基于特征重组的遥感图像有向目标检测
Object detection of optical remote sensing images is the process of providing a given optical remote sensing image dataset with object positioning frame, object category, and confidence by model processing, and it is an important task in remote sensing image processing and has practical significance in both civil and military fields. In the civil field, it can be employed to analyze the situations of airport flights and ships in ports and thus facilitate timely adjustment and avoid congestion. In the military field, enemies' military deployment is analyzed by the photographed images, and feasible plans are made to ensure successful military operations. Therefore, object detection of remote sensing images has research significance and application prospect. Compared with the traditional detection algorithms, the detection method based on the convolutional neural network has become the mainstream object detection of remote sensing images. The method based on deep learning can yield better accuracy than the traditional object detection methods of visible light remote sensing images, and it is unnecessary to manually design rules, which has a relatively unified standard and enhances the model robustness. However, there are still many defects in introducing the object detection model dealing with natural images directly into remote sensing tasks. Starting from the oriented object detection difficulties of remote sensing, we design an oriented object detection algorithm for optical remote sensing images to improve the feature extraction and feature recognition ability of multi-scale and multi-directional remote sensing small targets in complex backgrounds.

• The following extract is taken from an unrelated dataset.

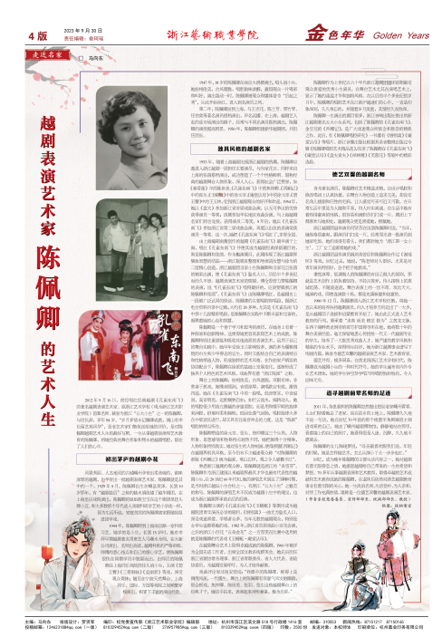 越剧表演艺术家陈佩卿的越剧艺术人生(作者:马向东)

Aiming at the poor performance of general algorithms for remote sensing oriented object detection, we propose an oriented object detection model based on SWA training strategy and feature recombination. The model is optimized based on the Rotated RPN algorithm. On the one hand, the feature recombination mechanism is introduced to make the model focus on effective features, which can reduce unnecessary computing resources and improve the model accuracy. On the other hand, based on RPN, the rotating RPN is introduced, and the position and angle parameters are regressed by the midpoint offset method to generate high-quality directed candidate frames. For the required feature inconsistency between classification and regression tasks, a polarized attention detector is employed, and the training strategy is improved. Meanwhile, the model is trained by cyclic mode to alleviate the problem that the traditional training strategy will converge to the boundary region of the optimal solution.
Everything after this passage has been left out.